Run Ollama coding models on your own Kaggle GPU instance
Project description
KaggleLLM-IDE
Run frontier coding models on your own free Kaggle GPU — no shared server, no VRAM limits on your laptop.
Each user brings their own Kaggle account. The app spins up a private GPU kernel, installs Ollama, pulls your chosen model, and tunnels the inference endpoint directly to your browser via ngrok. Your prompts never touch anyone else's server.
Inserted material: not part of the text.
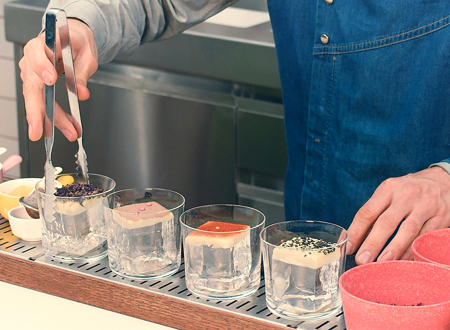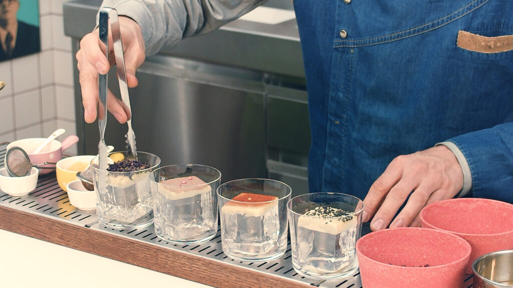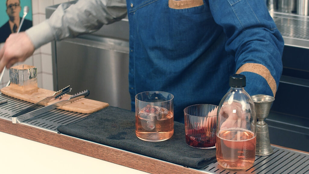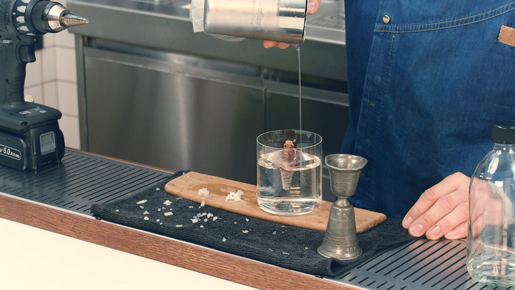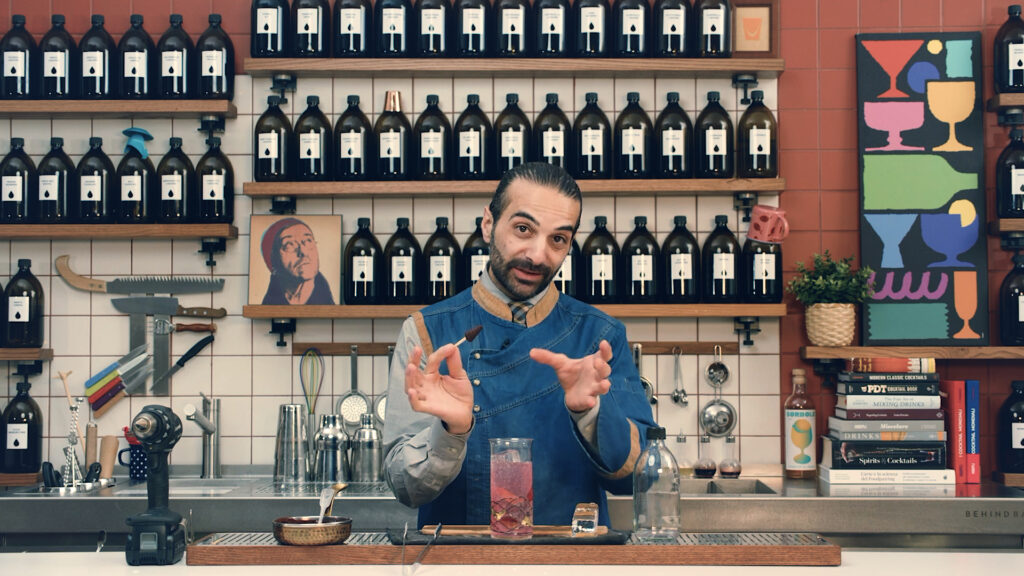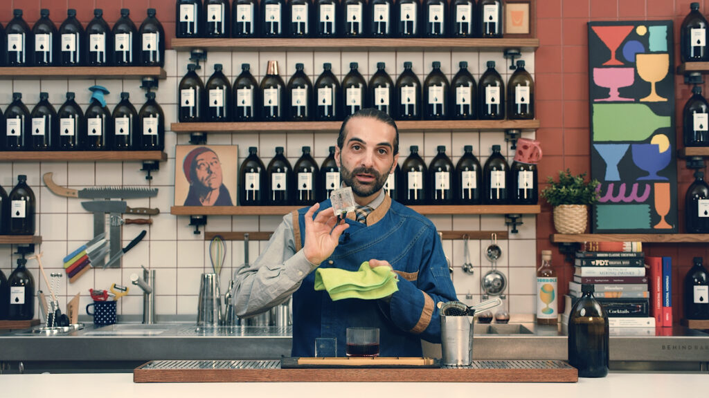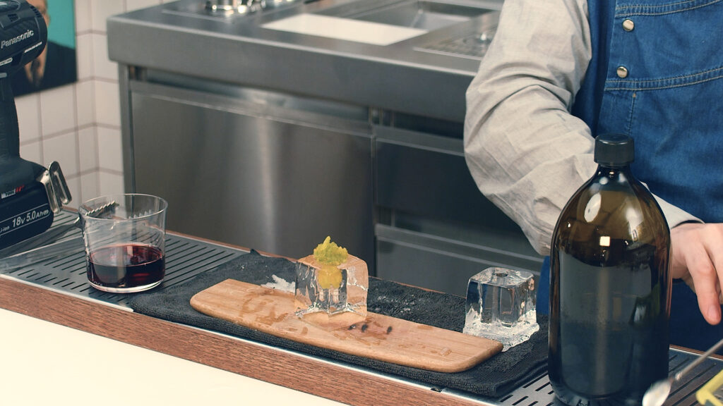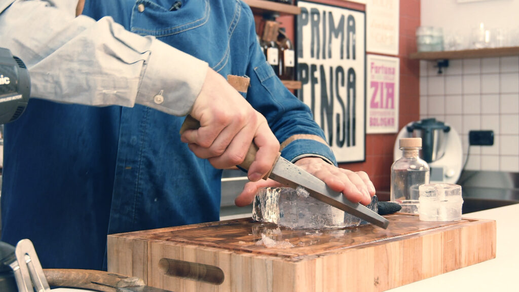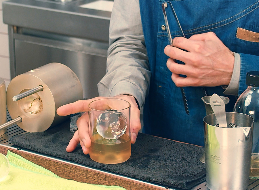 Ognuno dei 20 video che compongono il corso parte da un signature cocktail firmato da Luca, ma in questo caso il drink viene solamente raccontato. Ad essere spiegata step by step è la lavorazione del ghiaccio: non solo raffreddamento e diluizione, ma ingrediente fondamentale e, soprattutto, elemento di presentazione capace di cambiare percezione, atmosfera e lasciare i clienti a bocca aperta.

You → Setup form → Kaggle API → Your GPU kernel → ngrok tunnel → Chat UI
Why this exists
Most coding LLMs worth running (Qwen2.5-Coder 32B, DeepSeek-Coder-V2) need 16–20 GB of VRAM. Most laptops have 4–8 GB. Kaggle gives every verified account 30 free GPU hours per week on P100/T4 instances. This app is the bridge.
Supported models
| Model | VRAM | Best for |
|---|---|---|
qwen2.5-coder:7b |
~5 GB | Fast completions, everyday coding |
qwen2.5-coder:14b |
~9 GB | Balanced speed + quality |
qwen2.5-coder:32b |
~20 GB | Best quality (P100 only) |
deepseek-coder-v2:16b |
~10 GB | Strong reasoning + code |
codellama:13b |
~8 GB | General purpose |
Prerequisites
You need three things before starting:
1. Kaggle account + API key
- Sign up at kaggle.com
- Go to Settings → API → Create New Token — this downloads
kaggle.json - Your username and key are inside that file
2. Phone verification (required for GPU)
Kaggle requires phone verification to unlock GPU kernels. Complete it at: kaggle.com/settings/phone-verification
3. ngrok auth token
- Sign up at ngrok.com (free)
- Go to Dashboard → Your Authtoken
- Copy the token
Getting started
Backend
cd backend
pip install -r requirements.txt
uvicorn main:app --reload
# Runs on http://localhost:8000
Frontend
cd frontend
npm install
npm run dev
# Runs on http://localhost:5173
Open http://localhost:5173, fill in your credentials, pick a model, and hit Launch GPU Kernel.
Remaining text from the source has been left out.